▶

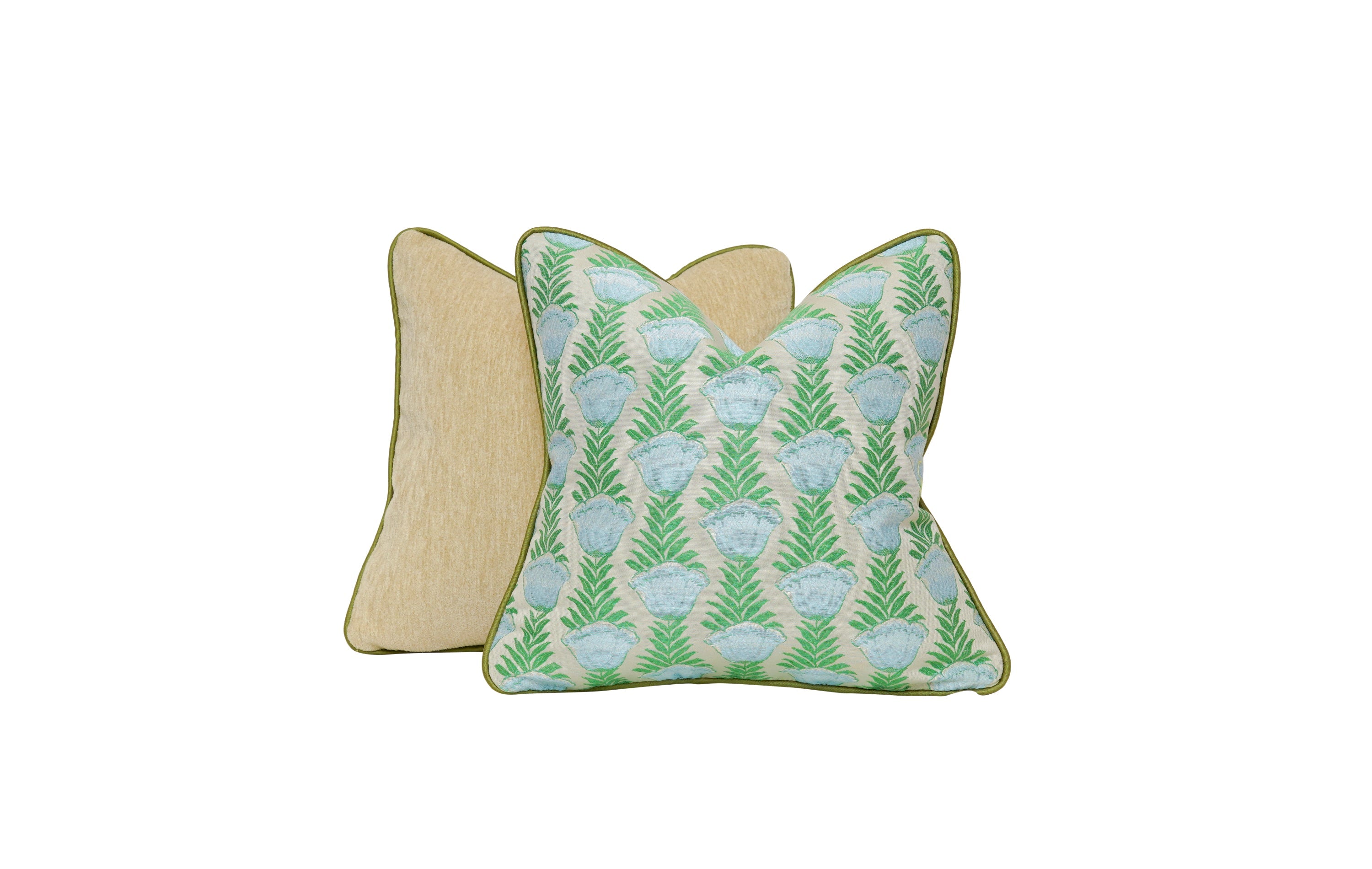 Handcrafted in Norwalk, CT, the Colony Popaveri Aqua Square Pillow features a tailored silhouette accented by a soft aqua and green botanical pattern that brings a fresh, refined energy to curated interiors. Finished with a supportive fill, it is designed to maintain its shape while offering lasting comfort and a polished visual presence. Sold as a pair
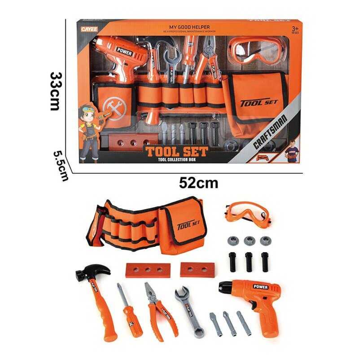 Набір інструментів KY 1068-018 (12/2) 10 елементів, шуруповерт на батарейках, пояс, тренувальні бруски, в коробці
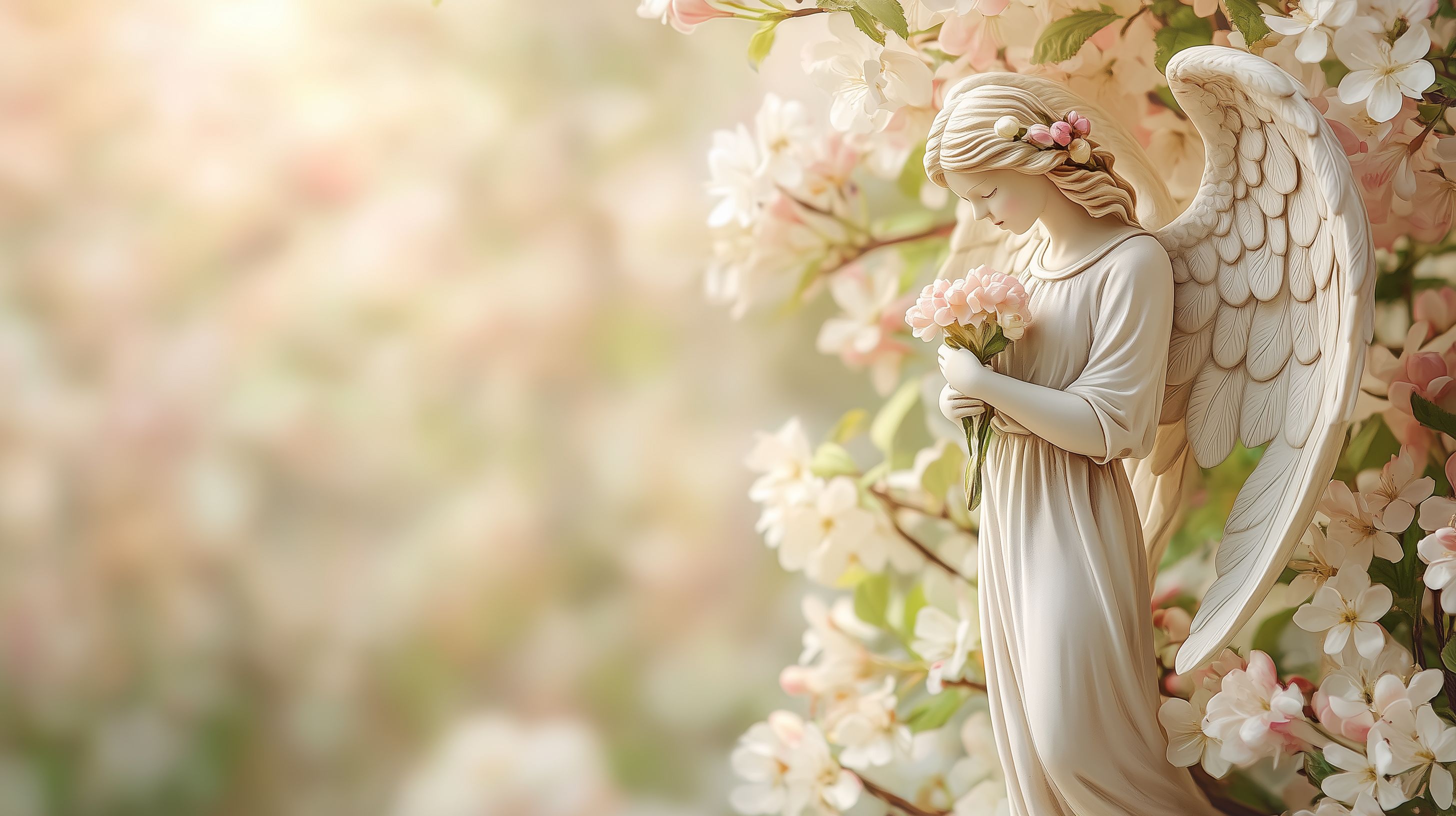 Dieses Foto zeigt eine anmutige Engelsfigur, die von einer Blütenpracht umgeben ist. Die Figur ist in einem weißen Gewand gekleidet und trägt zarte Flügel. Sie hält eine kleine Blumengarbe in ihren Händen und blickt mit gesenktem Kopf nach unten, als wäre sie in Gedanken versunken. Die Szenerie ist von einer warmen, friedlichen Atmosphäre erfüllt, die durch das weiche Licht und die zarten Farbtöne der Blumen verstärkt wird. Dieses Stockfoto eignet sich hervorragend für den Einsatz in Blogs, Newslettern, sozialen Medien oder auch für werbliche Zwecke, wo eine spirituell-romantische Stimmung gewünscht ist. Die hochauflösende Datei steht unter einer Creative-Commons-Lizenz kostenlos zur Verfügung.
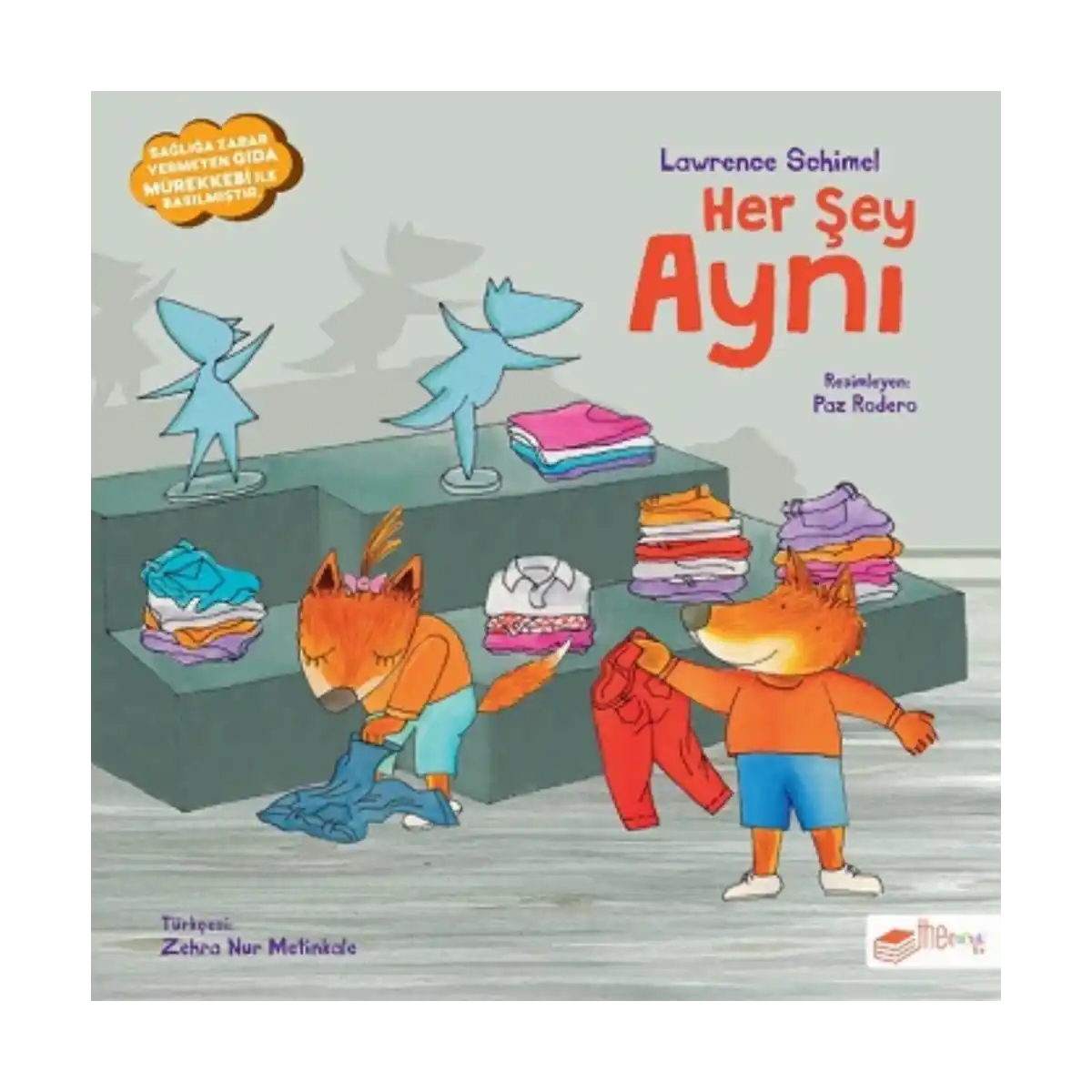 Ama biri sarı diğeri kırmızı renkte giyinmek istiyor. O zaman aynı şeylere nasıl sahip olacaklar? Nasıl bir çözüme kavuşur dersiniz? Her Şey Aynı; kardeşlik ve uzlaşma kavramlarını ele alan, ana ve ara renkleri öğretmeyi sağlayan sıcak bir hikâye
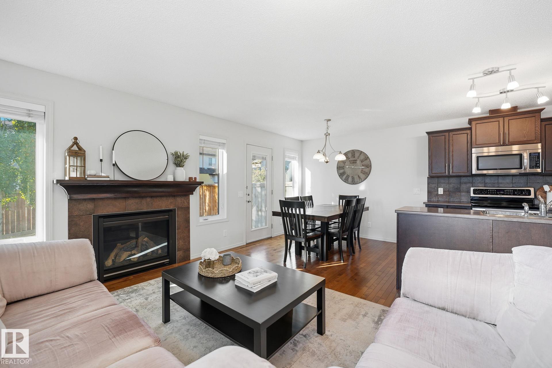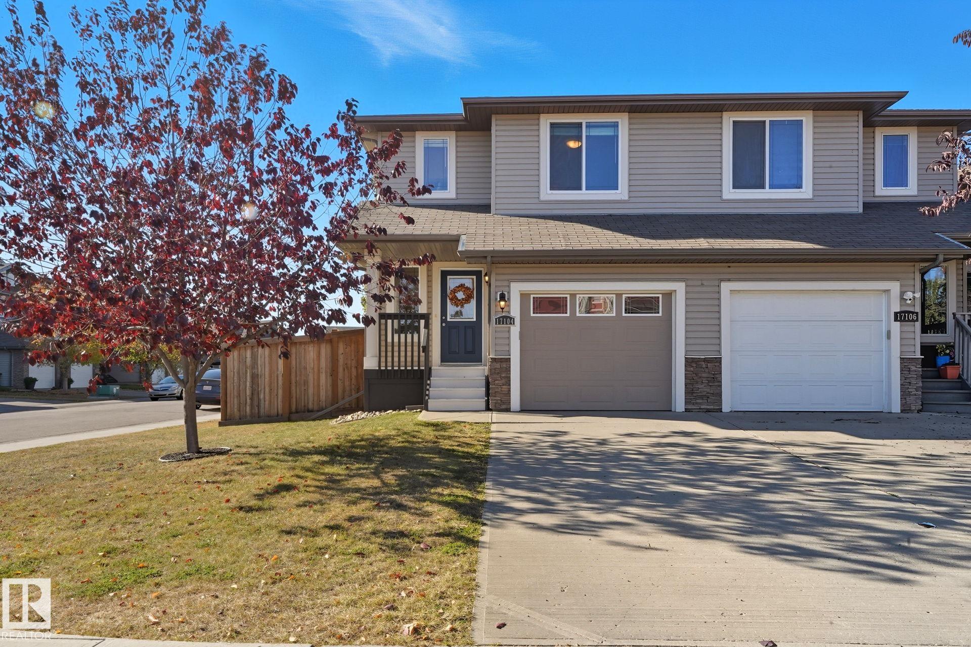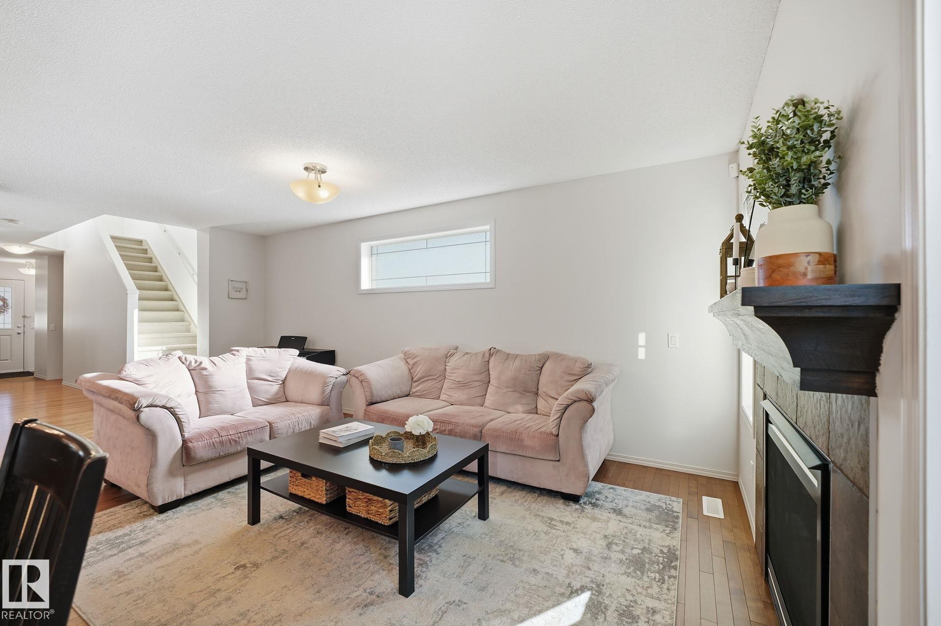 Welcome to this immaculate, move-in-ready half duplex with no condo fees in one of Northwest Edmonton?s most desirable communities, Rapperswill. Offering 3 bedrooms, 2.5 bathrooms, and nearly 1,600 sq. ft. of bright and comfortable living space, this home features an open main floor with large windows and a cozy gas fireplace that creates a warm, inviting atmosphere. The kitchen provides plenty of storage and overlooks the spacious west-facing backyard that is perfect for enjoying the evening sun or weekend BBQs. Upstairs, you?ll find convenient top-floor laundry, two generous bedrooms, and a spacious primary suite complete with a walk-in closet and private ensuite. Set on a large, tree-lined corner lot with an extended driveway, this property offers exceptional value. Ideally located just minutes away from schools, amenities, and the Anthony Henday drive, this home is perfect for first time home buyers, young families or anyone looking for a convenient lifestyle.
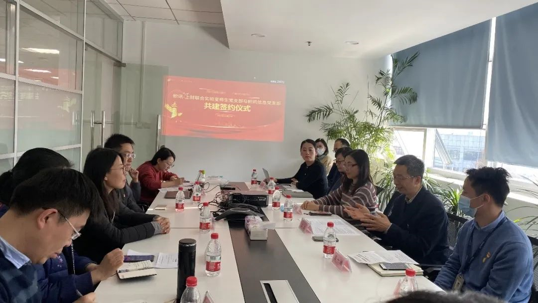 2020年12月22日下午,信息管理与工程学院党委带领帜讯-上财联合实验室师生党支部的全体党员走进浦东软件园,与帜讯信息党支部举行支部共建签约仪式。上海浦东软件园综合党委办公室党务主管唐一峰、帜讯信息党支部书记、总经理沈浩、帜讯信息全体在沪党员共9人,学院党委书记王淑范、党委副书记、常务副院长黄海量、党委副书记周燕、帜讯-上财联合实验室师生党支部书记韩潇以及师生党员共16人,参加了此次活动。活动由学院党委专职组织员王云鹏和帜讯信息党支部委员曹晶共同主持。
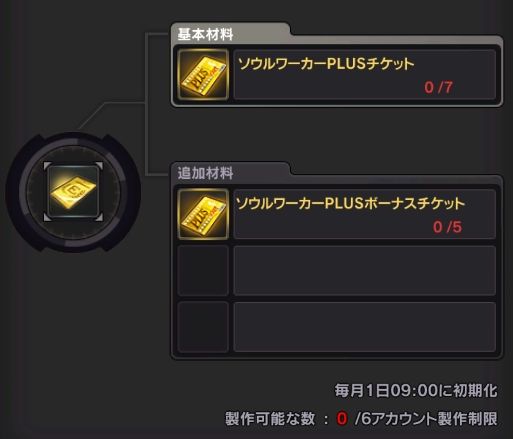 「ソウルワーカーPLUSボーナスチケット」5枚を使用して製作することができます。
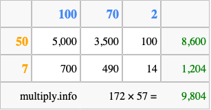 Below is an illustration showing you how to calculate 172 times 57 using the box method, using the instructions above.

◀

- [What needs to be done] Word for word, write out the lines from the top of the records above down to the line holding "Ama biri sarı", inclusive, but not the pictures.

- [Result for this exercise]
 Handcrafted in Norwalk, CT, the Colony Popaveri Aqua Square Pillow features a tailored silhouette accented by a soft aqua and green botanical pattern that brings a fresh, refined energy to curated interiors. Finished with a supportive fill, it is designed to maintain its shape while offering lasting comfort and a polished visual presence. Sold as a pair
 Набір інструментів KY 1068-018 (12/2) 10 елементів, шуруповерт на батарейках, пояс, тренувальні бруски, в коробці
 Dieses Foto zeigt eine anmutige Engelsfigur, die von einer Blütenpracht umgeben ist. Die Figur ist in einem weißen Gewand gekleidet und trägt zarte Flügel. Sie hält eine kleine Blumengarbe in ihren Händen und blickt mit gesenktem Kopf nach unten, als wäre sie in Gedanken versunken. Die Szenerie ist von einer warmen, friedlichen Atmosphäre erfüllt, die durch das weiche Licht und die zarten Farbtöne der Blumen verstärkt wird. Dieses Stockfoto eignet sich hervorragend für den Einsatz in Blogs, Newslettern, sozialen Medien oder auch für werbliche Zwecke, wo eine spirituell-romantische Stimmung gewünscht ist. Die hochauflösende Datei steht unter einer Creative-Commons-Lizenz kostenlos zur Verfügung.
 Ama biri sarı diğeri kırmızı renkte giyinmek istiyor. O zaman aynı şeylere nasıl sahip olacaklar? Nasıl bir çözüme kavuşur dersiniz? Her Şey Aynı; kardeşlik ve uzlaşma kavramlarını ele alan, ana ve ara renkleri öğretmeyi sağlayan sıcak bir hikâye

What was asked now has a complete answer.